Alcatraz kreeg in aanloop naar het festival heel wat over zich heen op sociale media, omdat het Limp Bizkit (★★★☆☆) als hoofdact had aangetrokken. Rappende nu-metal hoorde op dit 'traditioneel hardrockfestival' niet thuis, vonden puristen. Hoewel er tijdens het concert enkele pinten naar het hoofd van Fred Durst vlogen, bleek het toch een juiste zet van de organisatoren. De massa stond opeengepakt voor de Prison-stage, en Limp Bizkit won het overgrote deel van het publiek voor zich.

De band uit Jacksonville, Florida stond aan het begin van deze zomer al op Graspop, maar speelde hier met meer grinta en overtuiging. Rapper Fred Durst - in een spuuglelijk bloemetjesmotief gestoken - deed er alvast alles aan om iedereen bij het nekvel te grijpen, vanaf openingsnummer 'Hot Dog'. "Wakker worden! Moet er iemand morgen werken of zo?", vroeg de frontman met het baseballpetje. Hij eiste meer interactie, en kreeg die ook tijdens 'Rollin' (Air Raid Vehicle)'. Alcatraz veranderde in een springkasteel vol huppende metalheads. "Is er nog een afterparty?", wou Durst vervolgens weten. "Ik breng de wiet en de meisjes", beloofde hij.

Limp Bizkit.Beeld Stefaan Temmerman

De sterke sound van Limp Bizkit kwam vooral van gitarist Wes Borland.
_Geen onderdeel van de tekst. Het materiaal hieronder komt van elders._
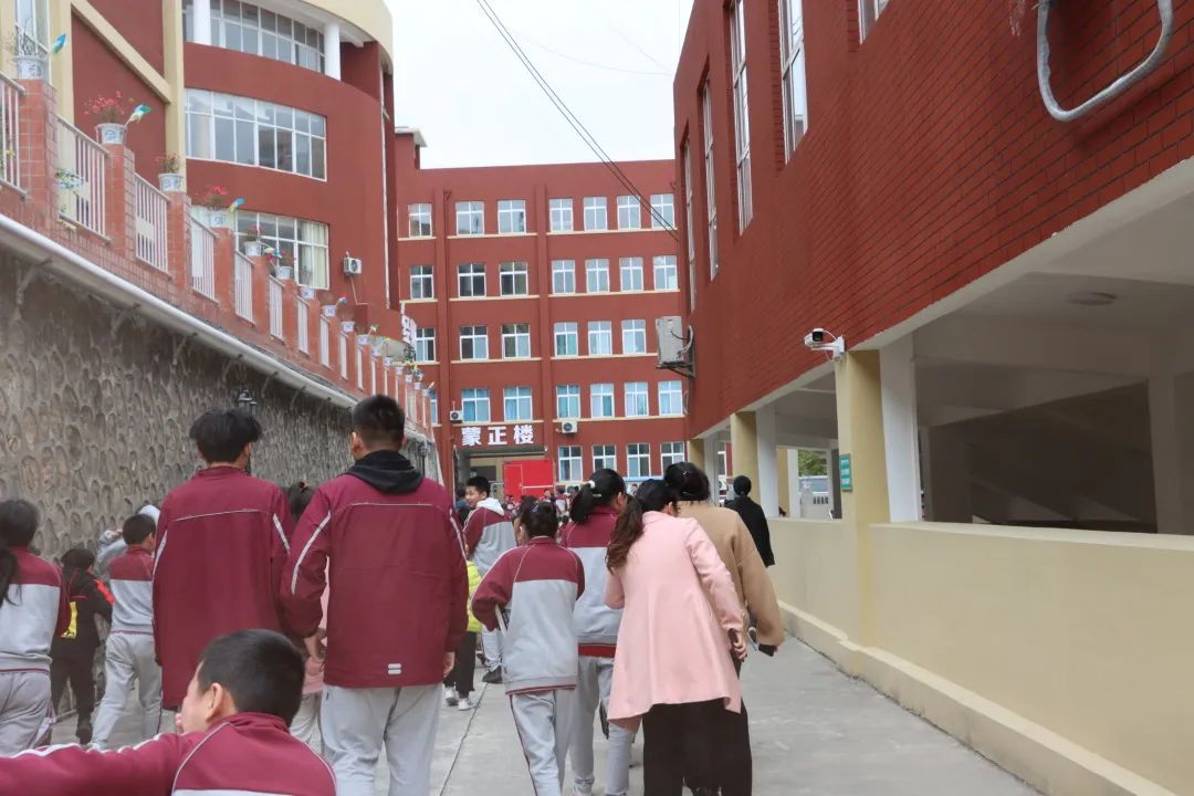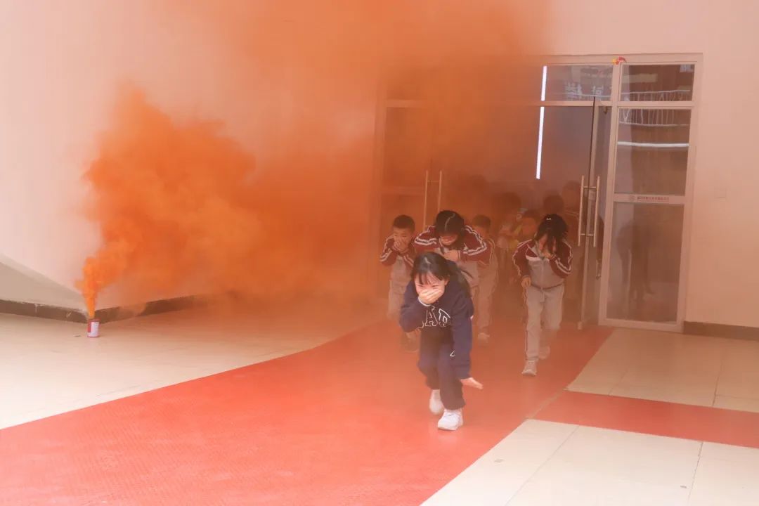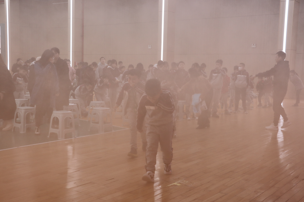 講座結(jié)束后,全校師生立即進(jìn)行了一次火災(zāi)疏散逃生演練。隨著一陣迷霧濃煙的出現(xiàn)和警報(bào)聲的響起,同學(xué)們?cè)诶蠋煹闹笓]下用手捂住口鼻,彎腰低姿沿著安全出口標(biāo)識(shí)迅速撤離,有序到達(dá)安全地帶。

Een eenmans-commando die een leger aan gitaren lijkt te bespelen. Om de laatste twijfelaars te overtuigen zette hij een resem korte covers in: 'Master of Puppets' (Metallica), 'South of Heaven' (Slayer), 'Hangar 18' (Megadeth) en 'Cowboys From Hell' (Pantera). Borland kreeg een mega-moshpit in ruil. Na die korte ronde vol eremetaal volgde 'My Generation'. Fred Durst ging het publiek opzoeken en zong 'Livin' It Up' hangend over de eerste rijen. 

Toen zijn micro niet meer mee wilde, smeet hij die in de kolkende massa. Om nadien, spelend met en gezeten op een plastic reuzeneend, toch even serieus te worden. "Bedankt om ons in jullie huis uit te nodigen", knikte de rapper oprecht. Er volgden een aantal verzoeknummers. "Karaoke op Alcatraz", noemde Durst het. 'Smells Like Teen Spirit' van Nirvana werd door de gitarist met zijn half witte en half zwart geschminkte gezicht gezongen. Die zette nadien ook feilloos 'Killing in the Name Of' (Rage Against the Machine) in. Wat voor een statement dit precies was, daar zijn we nog niet uit. Het leek of Limp Bizkit wou aantonen dat die muziek tijdlozer was dan die van hen zelf. Of misschien wilden ze gewoon lol trappen.

Met hun bekende cover van 'Behind Blue Eyes' (The Who) kreeg Durst ook de vrouwen aan het zingen. In een moordend 'Break Stuff' trok de rapper weer naar voor in het publiek. De gitarist dook zelfs over de dranghekken en ging in de moshpit spelen. Daar moet hij zich behoorlijk pijn hebben gedaan, want hij kwam vloekend en tierend terug het podium op. Borland ramde zijn versterker omver, maar miste tegelijk geen noot van slotsong 'Take A Look Around'. Het gekende deuntje uit de films van Mission: Impossible schalde over De Lange Munte. Limp Bizkit: een onmogelijke opdracht op Alcatraz? They chose to accept it. En daar werden ze ook voor beloond.